Windows user daunted and dazzled by Mac

A few hours on a Mac doesn't make you an expert, says Tom Yager

A couple of columns ago, I introduced you to a friend and lifelong professional Windows user who agreed to let me observe and document her trial run at switching to the Mac. I set her up with a can’t-lose bargain: She would swap her desktop Windows PC for a Core 2 Duo MacBook running OS X Tiger but retain her PC as a Parallels Desktop virtual machine. To switch or not to switch is entirely her decision to make; I’m just watching.

Initially, she lived in her virtualised Windows PC; Tiger merely played host. What started her exploring outside Windows was a simple thing: People often use migration as an opportunity to do some housecleaning and reorganising, and that plays into one of Tiger’s strengths.

She had in mind to break the big repository of PDFs she kept in Windows into neat folders on the Mac. I tossed her a hint about OS X’s Smart Folders, which rapidly organise files based on the content and metadata they have in common.

She grouped her PDFs based on the names of the authors, information that’s encoded in the document’s metadata when it’s saved. She experimented with different ways of breaking up her image repository based on metadata — by photographer, by model of camera, by resolution — but in the end, she simply sorted them by date. Not the time stamp on the image file, but the date recorded in the image’s metadata.

It went on from there to her discovery of pervasive cross-application drag and drop, then to the realisation that every application had the ability to export and print to PDF.

She discovered that most graphics files default to opening in the ultrafast Preview app, which is also the system’s PDF viewer.

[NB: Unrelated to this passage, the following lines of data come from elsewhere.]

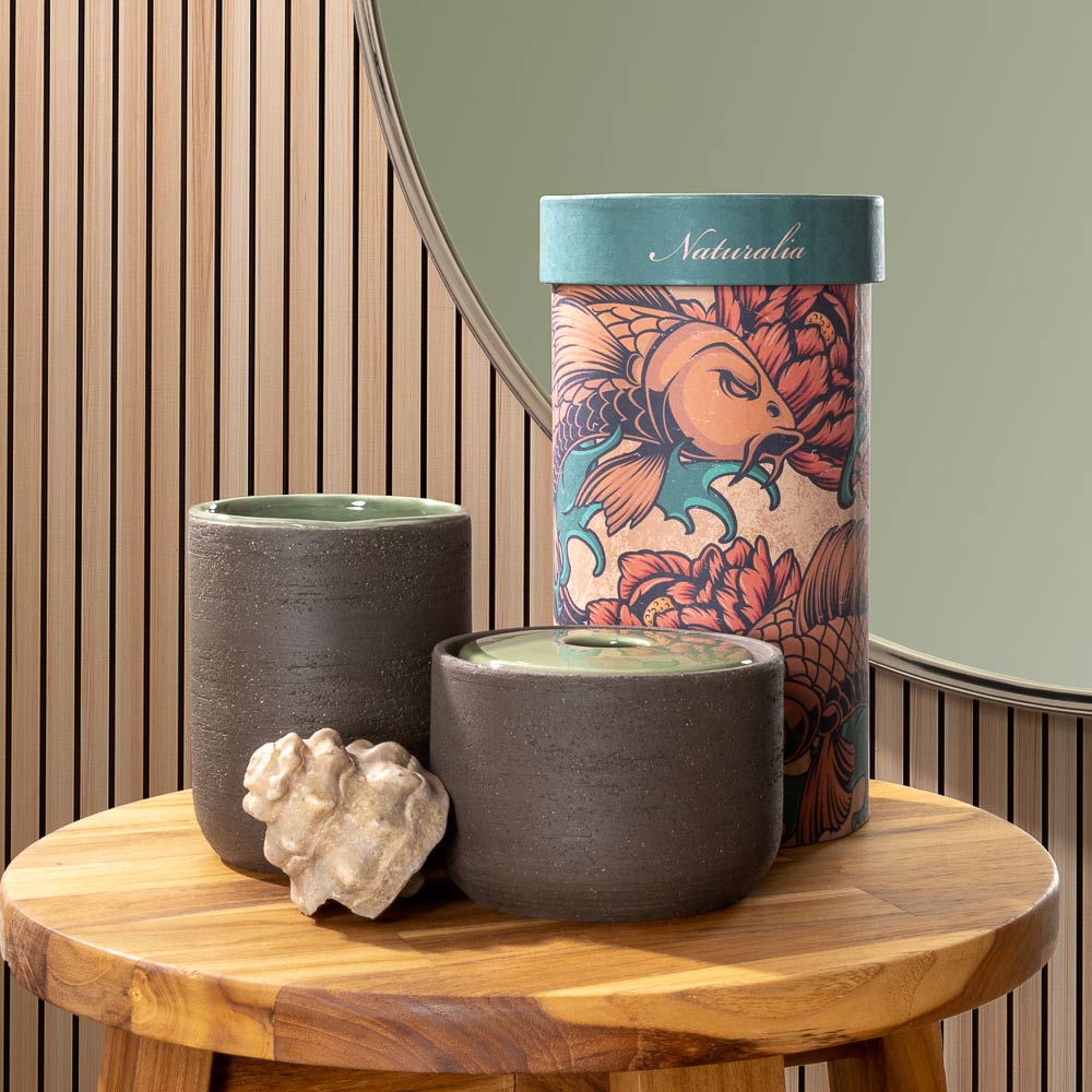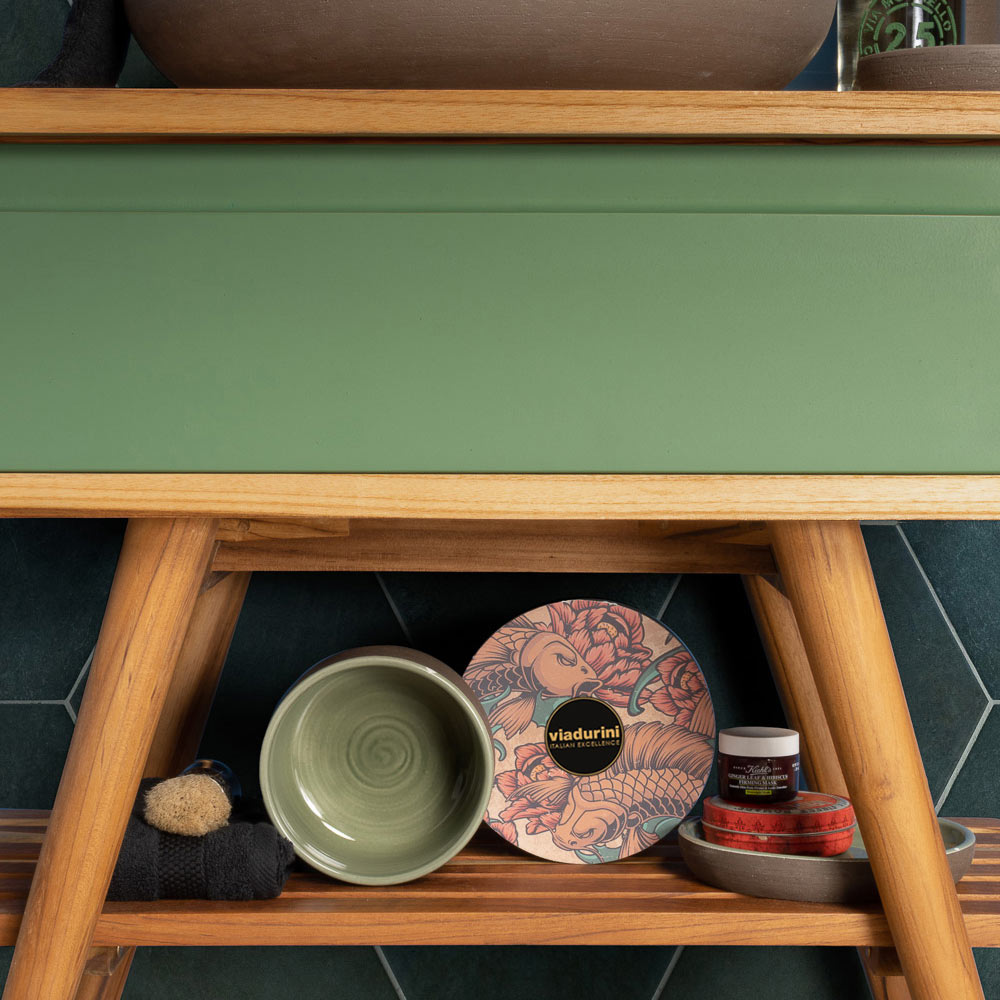 Free- standing bathroom accessories in refractory clay and dark earths handmade in Italy enameled inside with a green finish, a color that recalls spring and the flowering of plants, bringing back to the original contact with nature. Each element of the composition is characterized by particular details such as the neoprene pad on the base of the accessories to guarantee the protection of the support surfaces and the dispenser with pump in matt black metal to ensure optimal dispensing of the soap. The countertop accessories are elegant and fascinating, particularly functional with unique reflections that create exclusive atmospheres.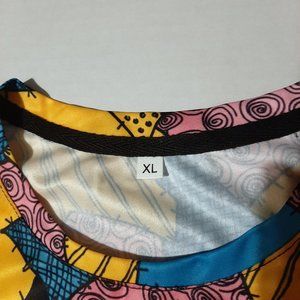 XL Nightmare before Christmas shirt All over print front and back bright colors soft shiny material nice quality, comfy sharp colors and many characters with Jack and Sally featured.
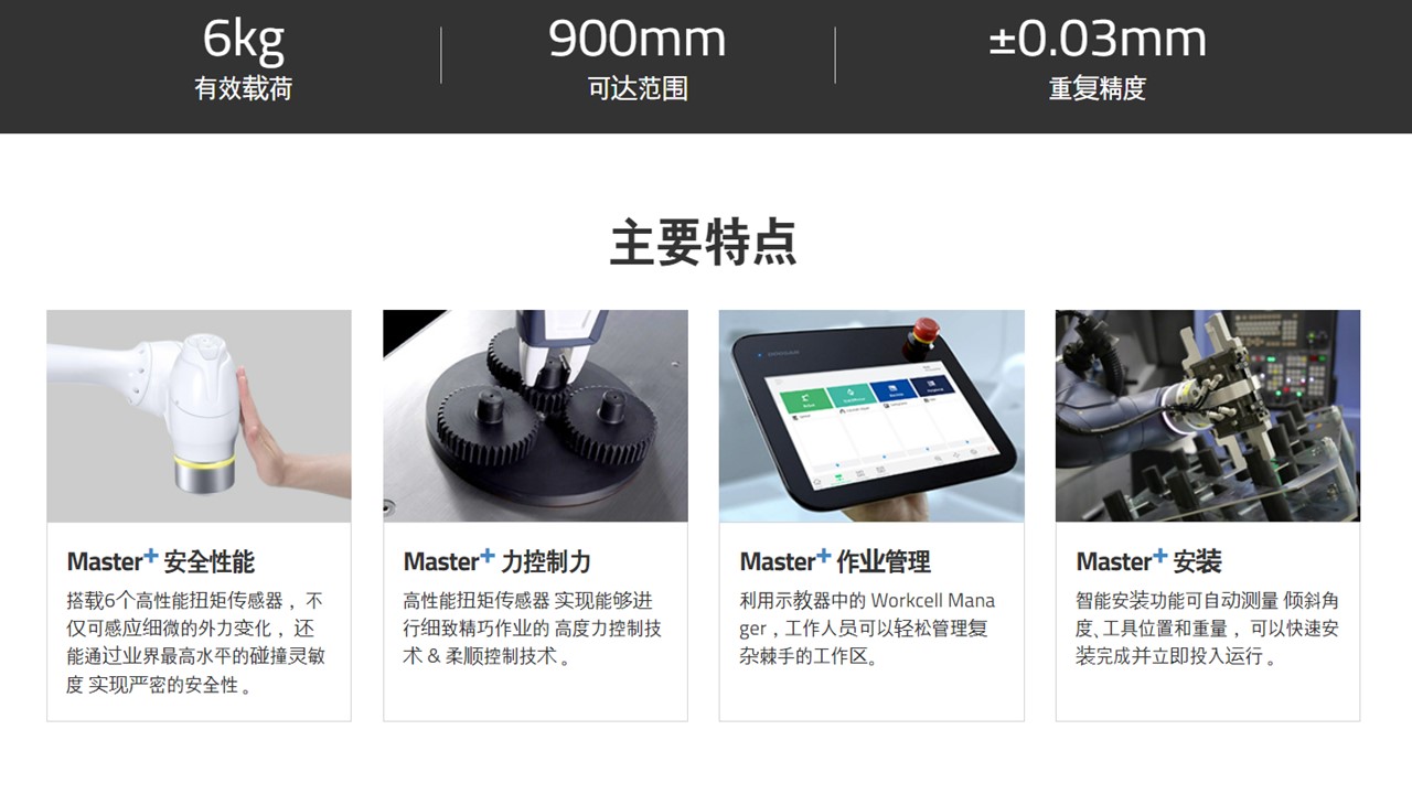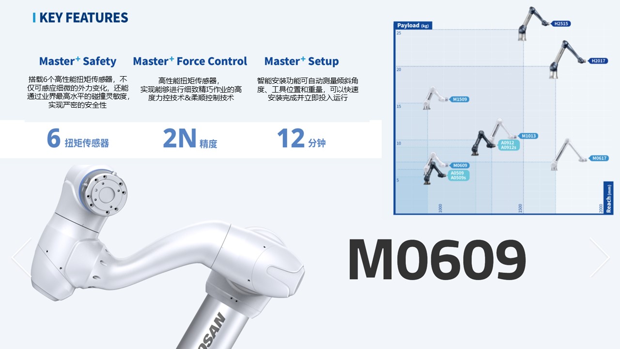 BFT机器人一站式机器人工业互联网平台提供的斗山M0609协作机器人的有效载荷为6kg,可达范围为900mm,重复精度为0.03mm,搭载6个高性能扭矩传感器,高性能扭矩传感器 实现能够进行细致精巧作业的柔顺控制技术。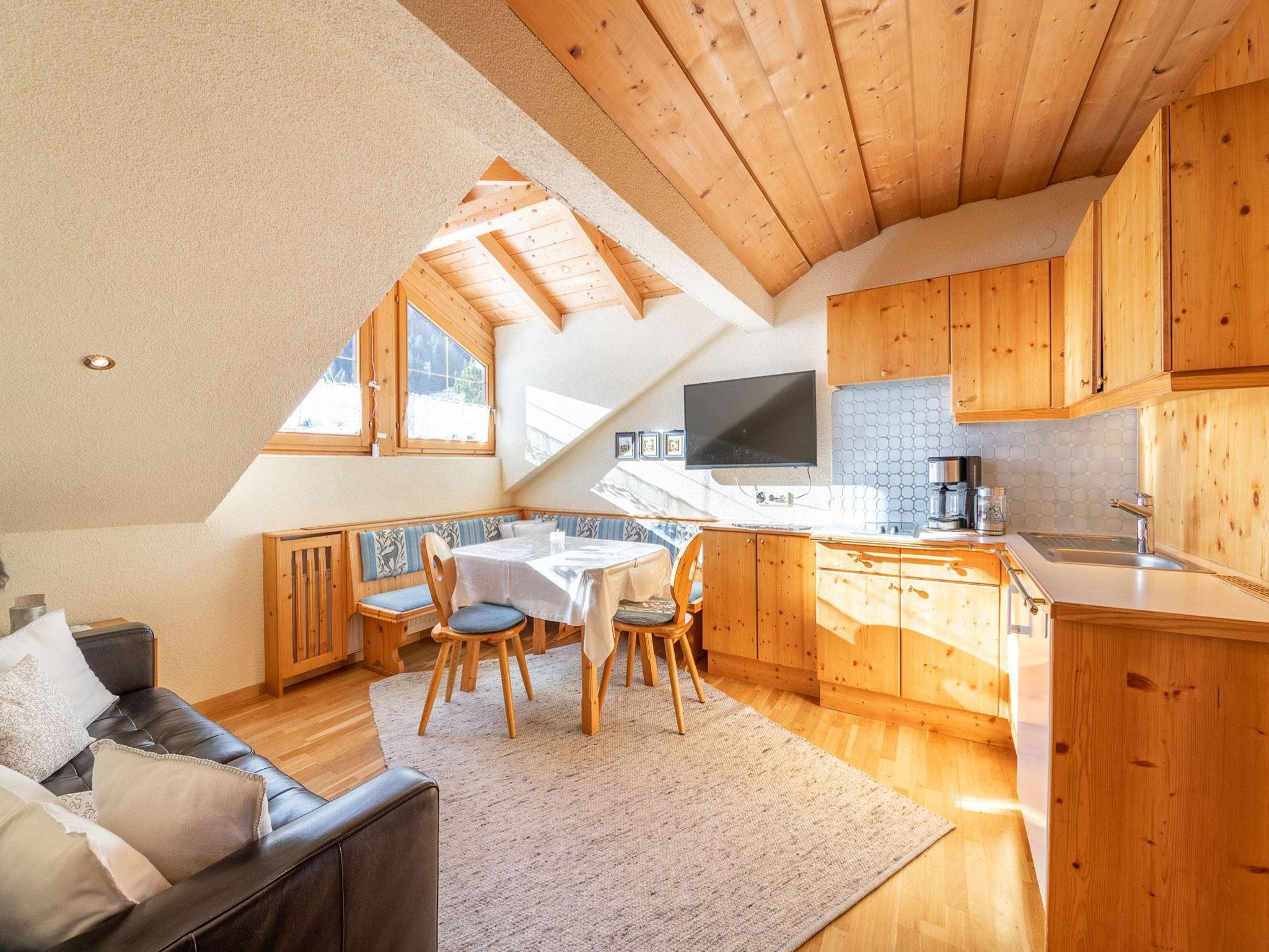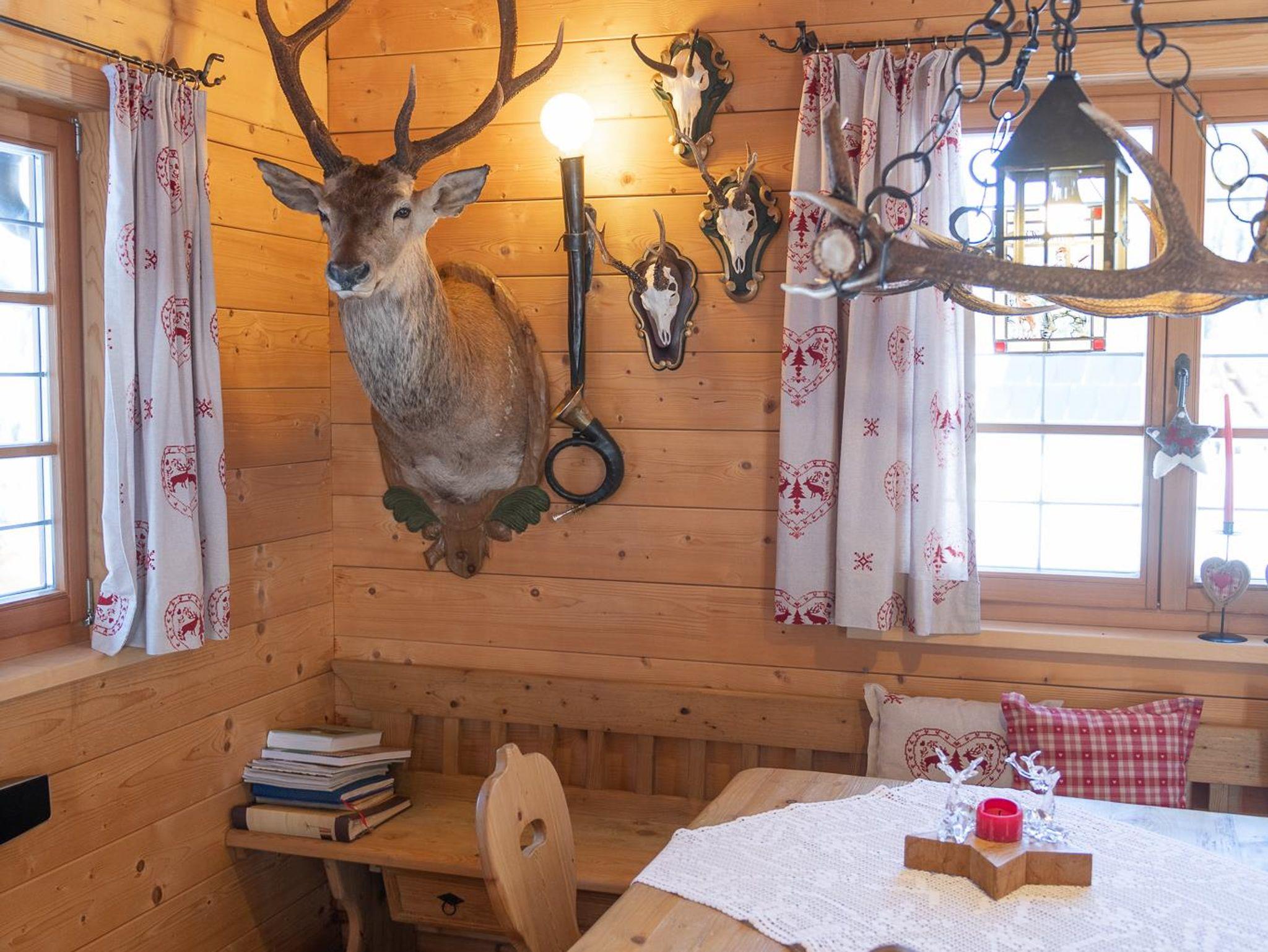 Die Ferienwohnung ist mit restaurierten Bauernmöbeln aus Zirbenholz ausgestattet.

It flips through and searches the multi-thousand-page PDF catalogues she works with as if they were in plain text, and it installs itself as the browser’s embedded PDF viewer, much faster than Acrobat Reader.

It’s relatively easy for an experienced Windows pro to feel cocky after a few successful hours of poking around in Finder, Tiger’s counterpart to Windows Explorer. Humility returns when you start firing up other applications.

That’s when the Mac seems to stop making sense. In Windows, every document that isn’t nested inside a parent window (Visual Studio is a good example of nested windows) is presented as a separate instance of the application.

Each distinct document has its own window and menu bar, and when you close the last open document, the application exits. In contrast, each document that is opened by a given Mac application is shown in a menuless window. In fact, no windows have menus. They all share one menu bar across the top of the screen, and that menu flips depending on which application has focus (is “on top”). When you close the last document in a given Mac application, the app stays open, but with no visible windows. All you see is the menu. What sense does that make?

She’s getting mired in other aspects of Mac-ness, like the fact that two files with the same extension (such as “.mpg”) can open in two different applications.

And unlike with Windows, when you restore something from the trash, it doesn’t plant itself in its original folder.

These are small conceptual hurdles that she’ll overcome with time, but on each occasion that the Mac “gets in her way” with issues such as these, she heads back to Windows to get her work done.

As it turns out, the problems that I’ve described are nothing compared to the impasse she’s hit now.

She’s discovering that there are things Windows does that the Mac cannot. This story is far from finished.